Vince Cable drops 'superfast' patent plans

Vince Cable
Image caption Mr Cable said he wanted to help innovative businesses flourish

The government has dropped plans for a "superfast" service which would provide patents in 90 days.

Patents usually take up to 18 months to issue but the government said it wanted to make it easier for "innovators to turn their ideas into business growth".

But a consultation found only three respondents likely to use it and there were concerns about invalid patents.

The Intellectual Property Office said "there would not appear to be a great desire" for the service.

It also concluded that it was "not possible to mitigate against the risk of grant of invalid patents, which would then need to be amended or revoked".

"This is an unavoidable consequence of granting a patent in such a short timescale when the patent system worldwide is based on a standard publication period of 18 months," it said.

'Significant drawbacks'

Business Secretary Vince Cable first announced the plan in December 2012 and they were confirmed by Intellectual Property Minister Lord Younger in April.

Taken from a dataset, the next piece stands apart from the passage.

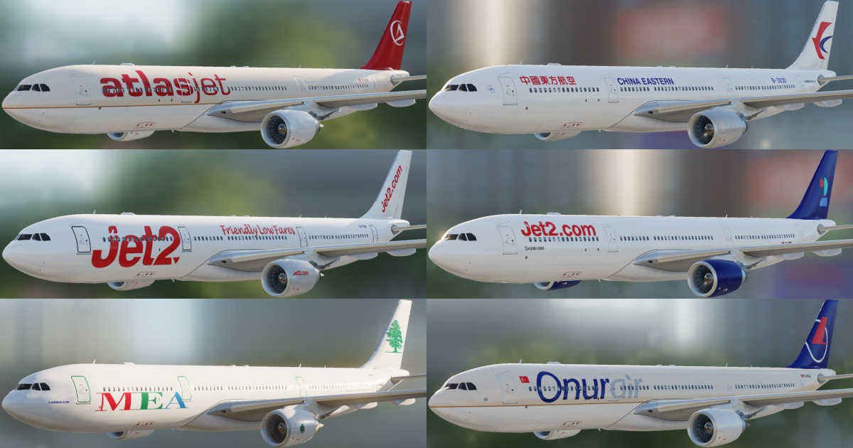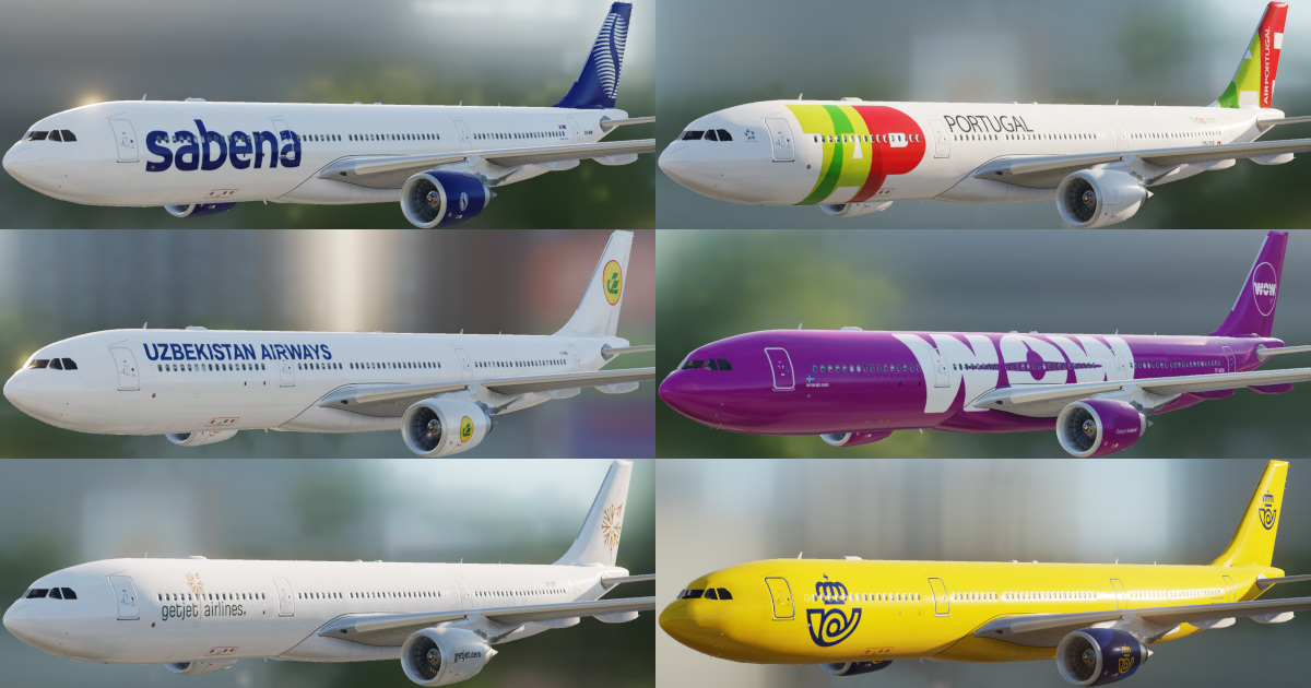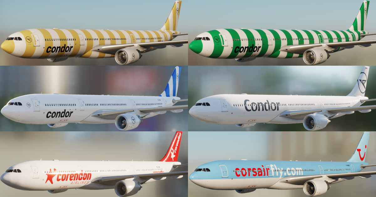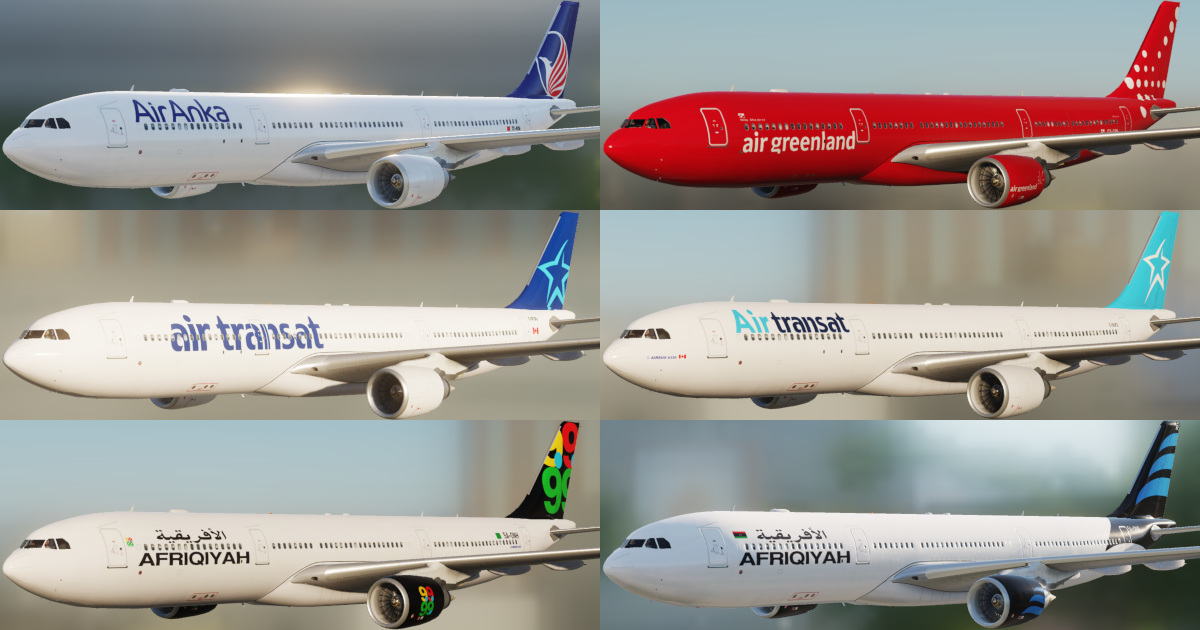 Skinpack of 24x passenger / charter airlines' liveries for A330 in Civil Aircraft Mod.
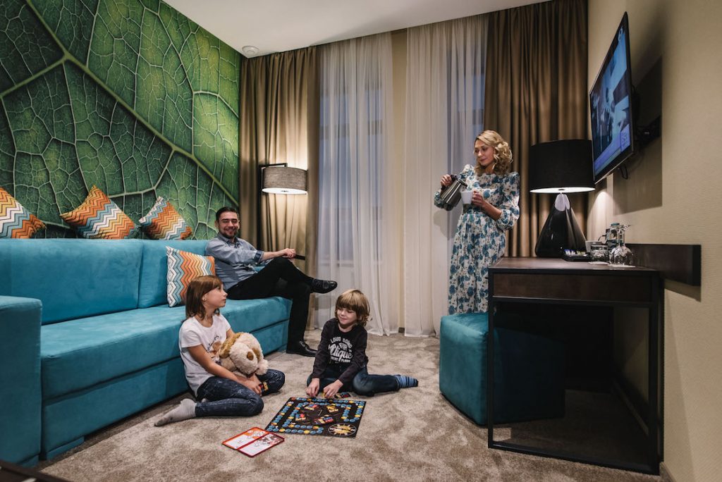 Двокімнатний просторий номер, розрахований на максимально комфортний відпочинок двох або більше гостей, а також є оптимальним варіантом для відпочинку разом із родиною. Номер зонований на спальню та вітальню. У спальні на Вас чекатиме атмосфера затишку та відпочинку, а у вітальні із комфортом можна провести своє дозвілля. Кожна деталь номеру унікальна, оскільки він зі смаком обставлений дизайнерськими меблями. Спальня має ліжко 160 см завширшки з ортопедичним матрацом, а вітальня - розкладний диван, на якому у випадку необхідності можуть розміститись ще двоє гостей. У номері є кондиціонер, міні-бар, сейф, стаціонарний телефон, smart телевізор і потужний Wi-Fi. Ванна кімната номеру облаштована душовою кабіною.

Lord Younger said at the time that acting on "inspiration and inventive thoughts" quickly "can often be the catalyst for making a real difference to the success or otherwise of an idea".

But the consultation suggested little enthusiasm for the idea and "several significant drawbacks" were highlighted.

The government said the danger of granting invalid patents was the issue which was "arguably of most concern to consultation respondents" because of the uncertainty it could create.

"In light of these concerns... the government has decided not to implement the proposed superfast service or make any changes to existing acceleration services."

Patent lawyer Alan MacDougall said the idea was "simply not viable".

"The current system already has in place a free procedure to accelerate the patent granting process which is often used by businesses when the need arises," he said.

"The proposed system would just have added to the complexity of the patenting process, would have been costly for businesses and would not have delivered any real value."